TASK TO CARRY OUT ->
Below are some records. Return exactly their lines from the one containing "Deutschland, Spreewald, Brücke" through the one containing "Die Farad Raya", and drop the pictures.

DATA EXCERPTS ->
*** Block opens ***

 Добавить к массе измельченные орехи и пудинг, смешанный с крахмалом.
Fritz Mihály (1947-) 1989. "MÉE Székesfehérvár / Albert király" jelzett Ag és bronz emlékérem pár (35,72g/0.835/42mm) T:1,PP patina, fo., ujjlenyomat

*** Block closes ***
*** Block opens ***

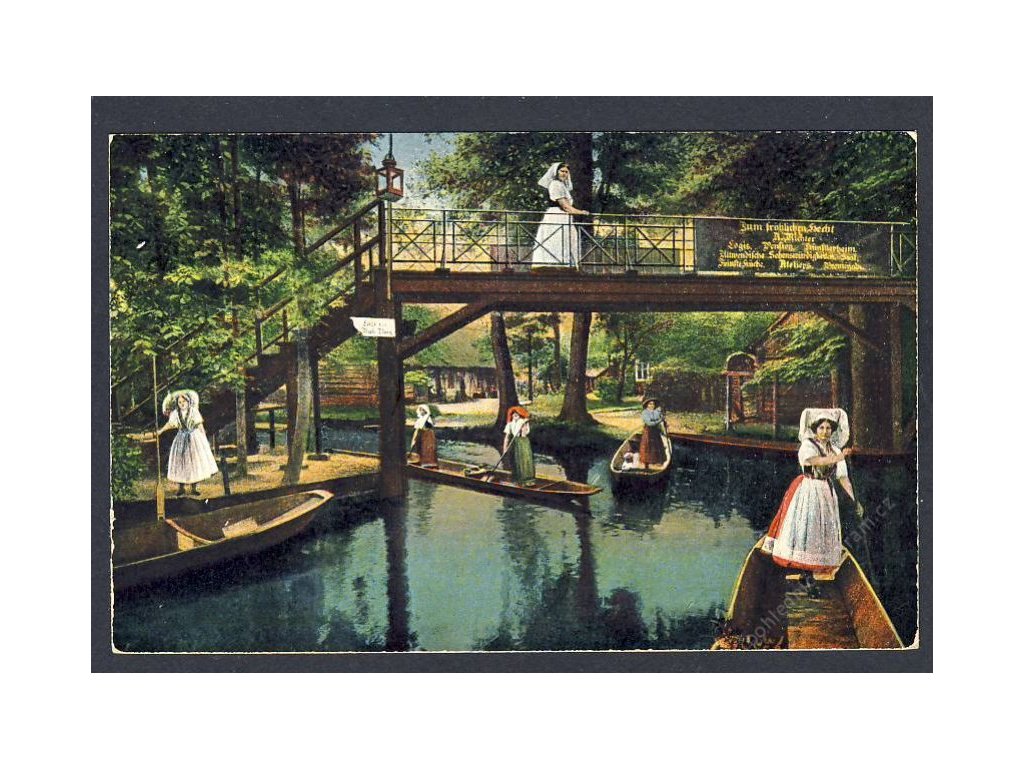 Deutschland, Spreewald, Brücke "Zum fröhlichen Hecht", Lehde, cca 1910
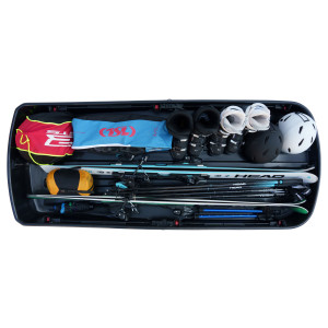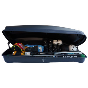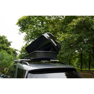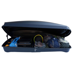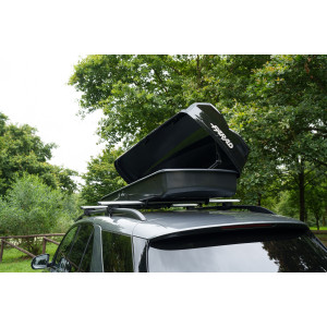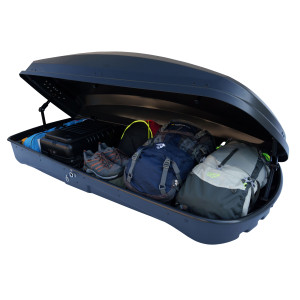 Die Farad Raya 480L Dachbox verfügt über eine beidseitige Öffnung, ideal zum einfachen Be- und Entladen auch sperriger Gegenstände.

*** Block closes ***

SOLUTION TO THE EXERCISE ->
 Deutschland, Spreewald, Brücke "Zum fröhlichen Hecht", Lehde, cca 1910
 Die Farad Raya 480L Dachbox verfügt über eine beidseitige Öffnung, ideal zum einfachen Be- und Entladen auch sperriger Gegenstände.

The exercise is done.